Weil der Lüfter nach der Chiptemperatur und nicht nach Wandler oder Vramtemperaturen geregelt wird was bei Modellen wie dem Extreme 3 und dem MK 26 dazu führt das der Chip mit geringster Drehzahl der Lüfter zwar anständig kühl bleibt, dadurch aber sehr wenig Frischluft an die Wandler und Vrams gelangt.


----------



## Rizoma (13. November 2013)

Dissi schrieb:


> 1. Wo bitte nimmst du die Info her, das Wärmeleitkleber generell besser Wärme leitet als Pads? Meines Wissens ist der Unterschied wenn überhaupt so gering das es völlig egal ist, beim Kleber gibt es hingegen immer das Problem, dass dieser schwer bis überhaupt nicht mehr löslich ist, bei Pads siehts wieder anders aus.
> 
> 2. Außerdem ist es das Problem von Arctic wenn sie keine passenden Kühler für die Wandler bereit stellen, immerhin wurde der ACX III bereits für die neuen Karten freigegeben.
> 
> ...



1. Jahre lange Erfahrung und da dir das nicht reichen wird habe ich mal Einkaufslinks raus gesucht wo der Onlineshop diese werte angibt

Alphacool - CPU Kühlung und Wasserkühlung sowie PC-Cooling und Silent-PC Artikel von Alphacool - Alphacool Wärmeleitklebepad doppelseitig 100x100x0,5mm 12096
Caseking.de » CPU-Kühler » Wärmeleitpaste & Pads » Arctic Silver Alumina Wärmeleitkleber - 5 Gramm Set

Das Pad hat 1W/mk und der Kleber >9W/mk Wärmeleitfähigkeit

2. Ich habe klar sind die Bauteile relativ universal gehalten aber es finden sich immer genug um eine Karte richtig zu bestücken ich dürfte bestimmt noch 10 solcher elemente die ich nicht gebraucht habe über haben also Liegt mehr als genug beim ACX dabei

3. Wo soll da das Problem sein wenn die Kühlerchen richtig angebracht sind reicht es aus den Acx von der Graka steuern zu lassen. Das was du hier als Problem darstellst habe ich bei keinem hier im Forum gesehen.
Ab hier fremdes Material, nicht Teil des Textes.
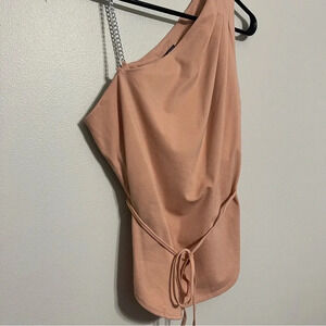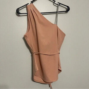 BCBGMAXAZRIA Women's Fitted Top Pleated One Metal Chain Strap Tie Waist Belt XS

Im Gegenteil hier im HD7950/70 OC Thread sind ausnahmslos alle von dem Kühler begeistert niemand klagt über VRM Temps

Übrigens hier ist ein R9 290 Umbau Tutorial von tomshardware und da sieht man schön das alle teile die man benötigt vorhanden sind. http://www.tomshardware.de/r9-290-accelero-xtreme-iii,testberichte-241421-3.html


----------



## Sirthegoat (13. November 2013)

Die Werte bei Shops sind von den Hersteller angegeben und geben im übrigens in keinster Weiße an wie gut oder schlecht das Endresultat der Temperaturen aussieht.
Das Problem das verschiedene Bauteile nicht richtig mit den gelieferten Kühlern versehen werden können stammt nicht aus meiner persönlichen Erfahrung, ich habe nur die Probleme des Testers aus dem H4U Preview wiedergeben.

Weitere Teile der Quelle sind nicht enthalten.